Italian oil major Eni has secured approval from the Nigerian Upstream Petroleum Regulatory Commission to proceed with the sale of its subsidiary, Nigerian Agip Oil Company, to Oando PLC. This confirmation was disclosed in a statement published on Eni’s official website on Wednesday.
NAOC, which primarily engages in onshore oil and gas exploration, production, and power generation in Nigeria, will be transferred to Oando PLC, a prominent national energy solutions provider listed on both the Nigerian and Johannesburg Stock Exchange.
Eni’s decision underscores a growing trend among international oil companies to divest from onshore assets in Nigeria, redirecting their focus to offshore and deepwater segments within the oil and gas industry.
However, Eni clarified that its 5% stake in the Shell Production Development Company Joint Venture remains excluded from the transaction and will continue to be part of Eni’s portfolio.
In a statement, Eni emphasized its commitment to Nigeria, highlighting ongoing investments in deepwater projects and the Nigeria LNG sector.
The sale of NAOC to Oando follows Eni’s agreement in September 2023 to divest its interests in the onshore sector, a move initially contested by the Nigerian National Petroleum Corporation Limited.
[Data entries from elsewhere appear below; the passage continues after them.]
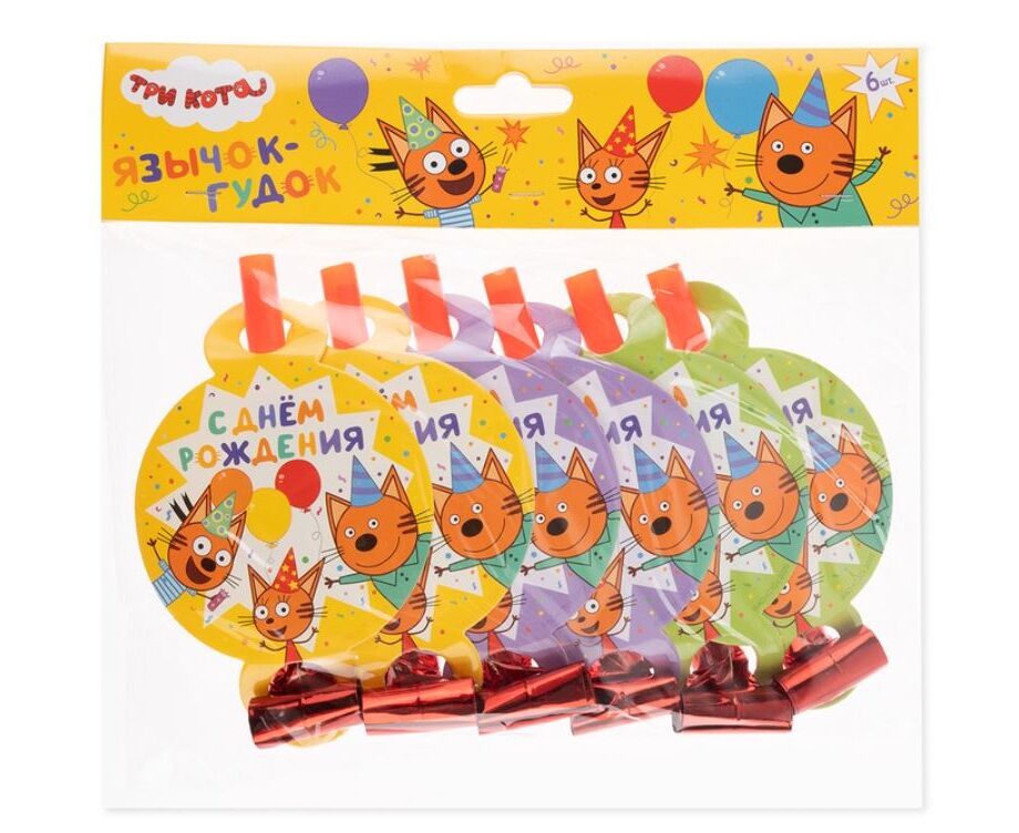 Карнавальные язычки-гудки "Три Кота. С Днем Рождения!" 6 штук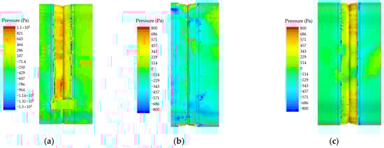 Pressure diagram of U-section rubber outer windshield surface at 400 km/h. (a) Side pressure cloud. (b) Side pressure cloud. (c) Top pressure cloud.
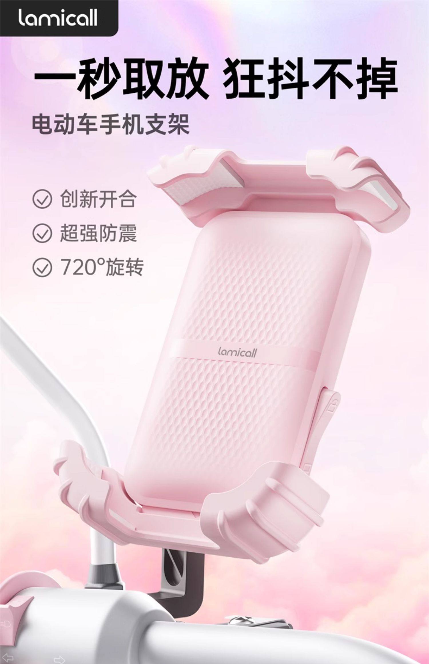 Lamikoo Electric Vehicle Phone Holder, Battery Car/Motorcycle Phone Mount, Shockproof and Anti-Shake, Special Holder for Delivery Riders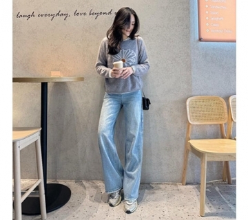 水鑽直筒牛仔寬褲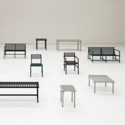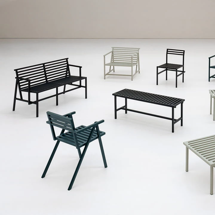 Each item in the series has an individual design. Through the material, color and proportions of aluminum extrusion unify the entire collection. The basis of the ’19 Outdoor’ series is the design project ’19 Chairs’ – 19 chairs were made in 19 days, delivered to 19 locations, reworked by 19 creatives and this was done during the COVID-19 phase. The purpose was to design a response in favor of Age UK & Resourcing Racial Justice, regarding the damage of COVID-19 restrictions within the artist scene.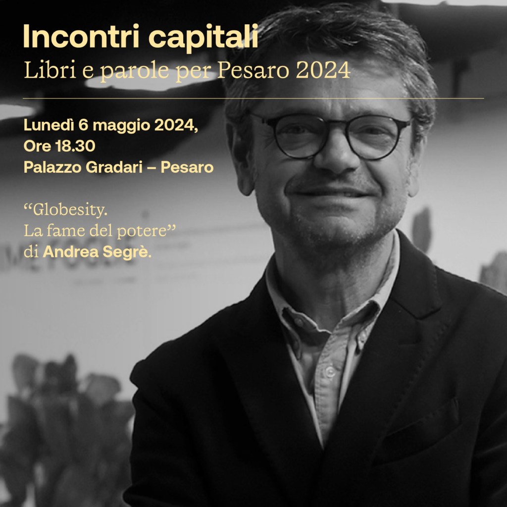 Un thriller alimentare sospeso tra realtà e immaginazione: si intitola ‘Globesity. La fame del potere’ (Edizioni Minerva) il romanzo d’esordio di Andrea Segrè, che l’autore presenterà a Pesaro ospite di ‘Incontri capitali’ lunedì 6 maggio in una conversazione con il giornalista e scrittore Alfredo Antonaros (Palazzo Gradari, ore 18.30).

NNPC had raised concerns about regulatory approvals but subsequently acknowledged the clearance from NUPRC for the transaction to proceed.
This shift in ownership reflects broader changes in Nigeria’s oil industry, with major international players opting to exit onshore operations in recent years.
Shell, for instance, announced its sale of a 30% stake in SPDC to a consortium of local firms earlier in 2024, indicative of the increasing role of domestic entities in the country’s energy landscape.
Eni’s strategic realignment underscores its continued involvement in Nigeria’s offshore oil and gas activities amid evolving market dynamics and regulatory developments.